De nadruk op efficiëntie en hoge opbrengsten heeft tot nu toe geleid tot uitbreiding van de teelt van snelle koolhydraten, oliën en vetten die vooral meerwaarde opleveren voor de aandeelhouders van een handvol agrifood-conglomeraten (Big Food) en de rest van de wereld heeft opgezadeld met schade aan ecologie, economie en gezondheid en een minimale bestaanszekerheid voor de boer.
Zelfs bij projecten die open-source zijn, blijft de vraag of de boer uiteindelijk profiteert.
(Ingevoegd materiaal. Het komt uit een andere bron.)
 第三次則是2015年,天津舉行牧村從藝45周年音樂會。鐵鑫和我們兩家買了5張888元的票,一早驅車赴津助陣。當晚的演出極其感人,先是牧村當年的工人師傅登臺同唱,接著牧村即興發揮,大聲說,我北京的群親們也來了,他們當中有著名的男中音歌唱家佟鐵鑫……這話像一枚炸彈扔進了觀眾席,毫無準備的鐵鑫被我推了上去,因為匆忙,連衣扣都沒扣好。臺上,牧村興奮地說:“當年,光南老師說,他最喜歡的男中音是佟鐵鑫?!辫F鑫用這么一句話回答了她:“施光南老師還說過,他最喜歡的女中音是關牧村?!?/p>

Doel van het consortium van Bill & Melinda Gates, de FAO en een aantal landen is om overheden in staat te stellen effectief beleid te ontwikkelen. Maar de vraag is hoeveel ontwikkelingslanden een overheid hebben die een effectief landbouwbeleid als doel heeft.
Stelende apen
Los daarvan kun je je afvragen of de algoritmes die op basis van Big Data worden ontwikkeld wel voldoende rekening houden met de realiteit waar kleine boeren in ontwikkelingslanden mee te maken hebben. Ravic Nijbroek is social wetenschapper bij het International Center for Tropical Agriculture (CIAT) in Nairobi, een van de CGIAR-instituten.
Vorig jaar, zo vertelt hij in een artikel op Food Tank was hij op bezoek bij een boer en zag dat haar tomatenplanten helemaal waren overwoekerd met onkruid. Waarom haal je dat niet weg, vroeg hij. Daarop wees de vrouw naar de bomen en vertelde hem dat als ze het onkruid zou wieden, de apen al haar tomaten op zouden eten. Door het onkruid houdt ze in ieder geval nog een paar tomaten over.
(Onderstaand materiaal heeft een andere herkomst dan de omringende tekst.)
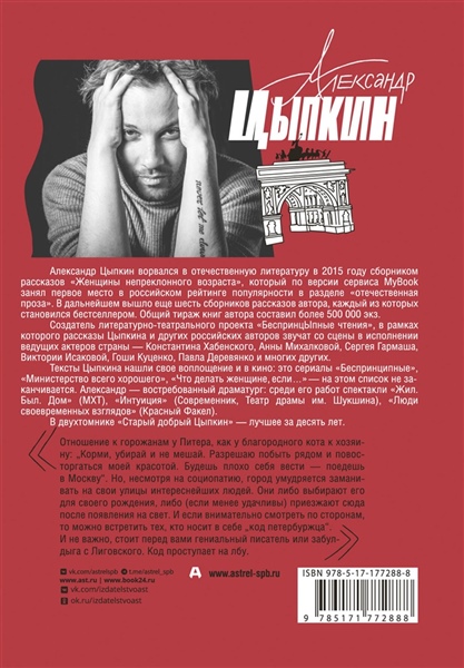 Александр Цыпкин ворвался в отечественную литературу в 2015 году сборником рассказов "Женщины непреклонного возраста", который по версии сервиса MyBook занял первое место в российском рейтинге популярности в разделе "отечественная проза".

Tja, zulke dingen bedenk je natuurlijk niet achter je beeldscherm in een airconditioned kantoor in St. Louis.
Precisielandbouw
In Westerse landen is datagedreven landbouw is niet meer weg te denken. Twee derde van de Nederlandse boeren maakt gebruik van GPS bij het zaaien, ploegen en oogsten. Bedrijven en overheden investeren stevig in het verzamelen, verwerken van gegevens en het omzetten van informatie in instructies. Met slimme sensoren en GPS wordt de ontwikkeling van gewassen in de gaten gehouden.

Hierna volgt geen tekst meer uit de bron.